Problem description
The pictures in the data below are to be omitted; all else must be duplicated exactly.

Dataset excerpt
····················

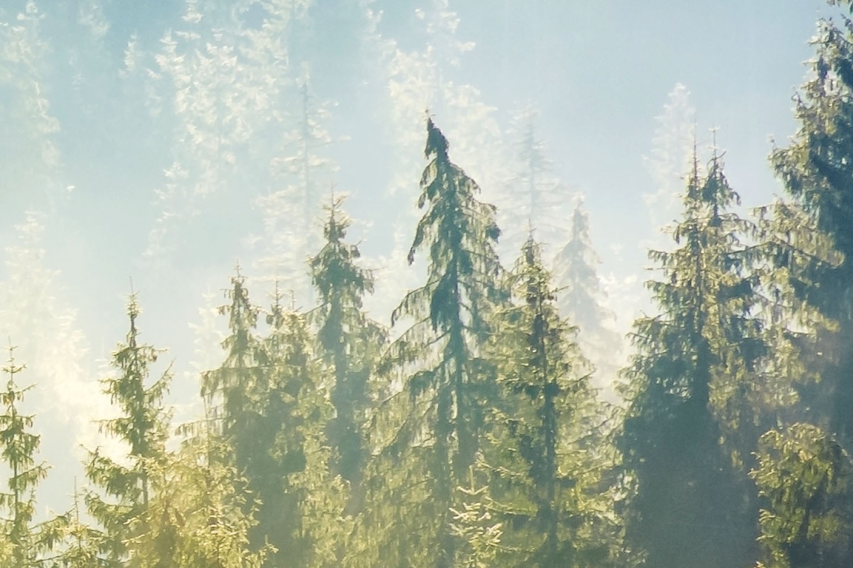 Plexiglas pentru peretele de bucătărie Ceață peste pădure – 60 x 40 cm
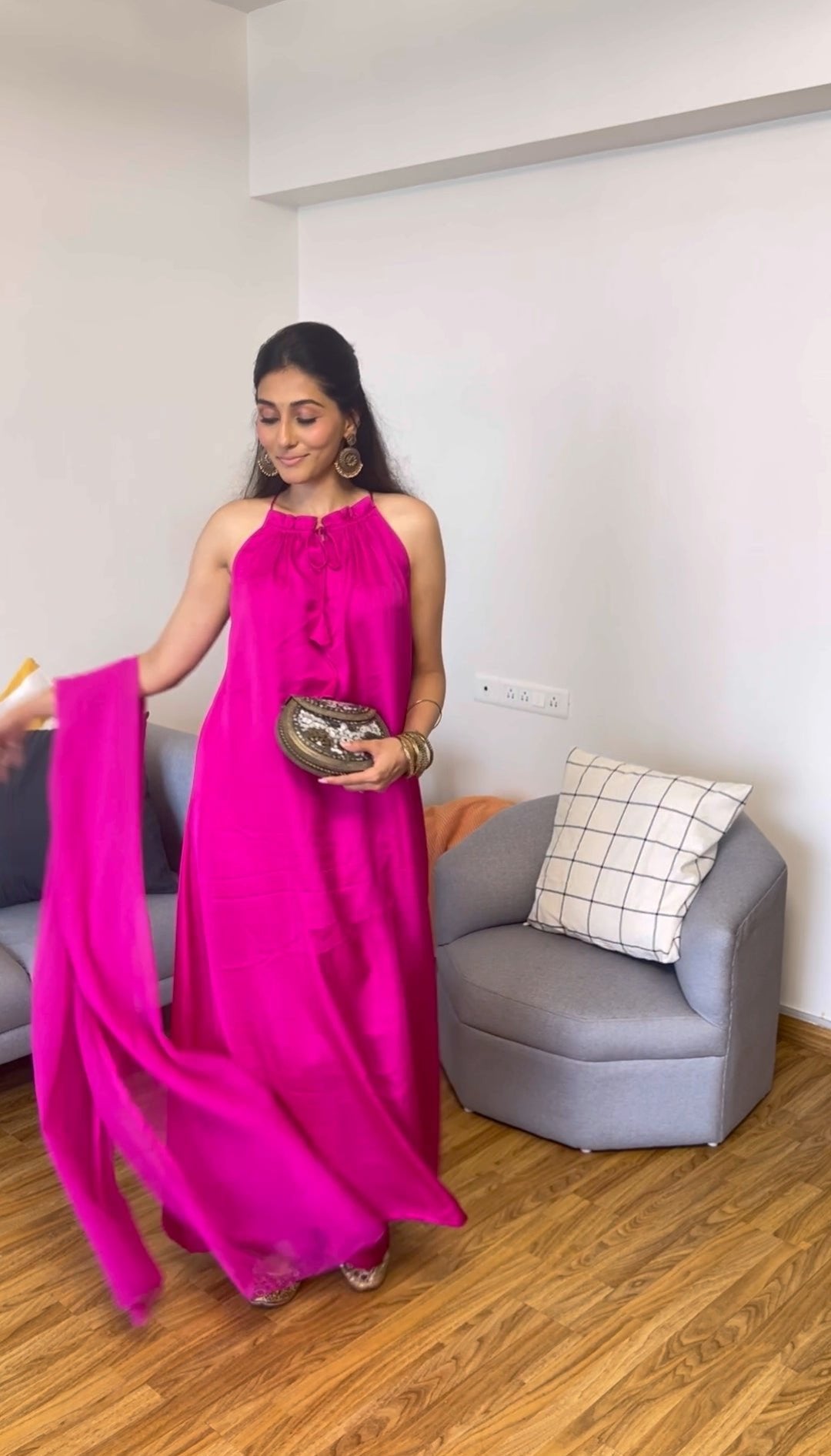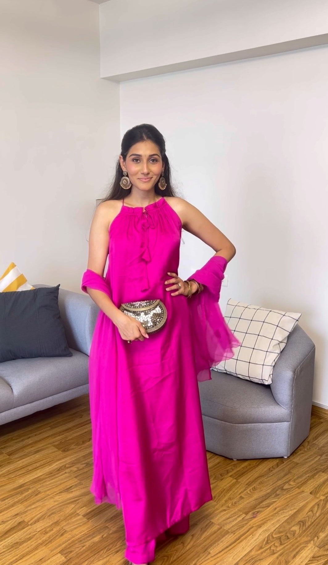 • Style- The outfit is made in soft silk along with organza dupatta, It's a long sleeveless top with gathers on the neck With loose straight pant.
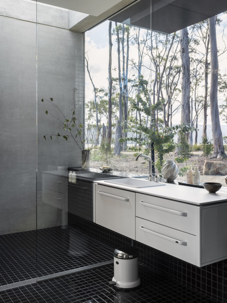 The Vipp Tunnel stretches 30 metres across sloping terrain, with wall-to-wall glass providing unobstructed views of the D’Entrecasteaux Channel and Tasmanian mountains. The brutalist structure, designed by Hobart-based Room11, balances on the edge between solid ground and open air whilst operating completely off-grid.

····················

Answer to this problem
 Plexiglas pentru peretele de bucătărie Ceață peste pădure – 60 x 40 cm
 • Style- The outfit is made in soft silk along with organza dupatta, It's a long sleeveless top with gathers on the neck With loose straight pant.
 The Vipp Tunnel stretches 30 metres across sloping terrain, with wall-to-wall glass providing unobstructed views of the D’Entrecasteaux Channel and Tasmanian mountains. The brutalist structure, designed by Hobart-based Room11, balances on the edge between solid ground and open air whilst operating completely off-grid.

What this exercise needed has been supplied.